Here’s Matt on this point, relating specifically to OrganiGram — which he’s had in his Early Stage Investor portfolio since late March:
The shares are up slightly since the jump, but this is only the beginning of this company’s huge upside … This company has so much potential beyond yesterday’s jump. As more and more eyes are on it, I am confident we’ll see much higher share prices in the coming months and years.

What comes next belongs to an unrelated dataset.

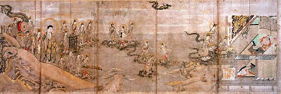 Taima Mandala engi (紙本著色当麻曼荼羅縁起, shihon chakushoku taima mandara engi). Part of one of two handscrolls (Emakimono), 51.5 cm x 796.7 cm and 51.5 cm x 689.8 cm. Color on paper. Located in the Kamakura Museum of National Treasures, Kamakura, Kanagawa. Owned by Kōmyō-ji, Kamakura, Kanagawa.
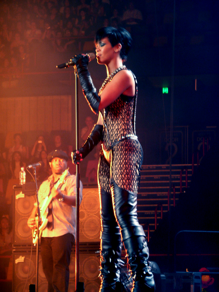 Rihanna and Chris Brown concert. Brisbane Entertainment Centre. November 1st 2008

OrganiGram is above Matt’s suggested buy-up-to price. However, he holds several other small marijuana companies in his Early Stage Investor portfolio which he believes could be the next to announce an exchange jump. If you’re looking to get in before the institutions, this is your chance.
The marijuana investment market is no longer in its chaotic Wild West days. It’s evolving and beginning to take shape, setting the stage for long-term investment wealth. As to which companies will drive that wealth, it’s unclear, but each marijuana company that makes the leap to the U.S. exchanges stands to be one of tomorrow’s market leaders. It’s going to be fun to watch.
We’ll continue to monitor this, as well as all the other major investment trends affecting your portfolio, here in the Digest.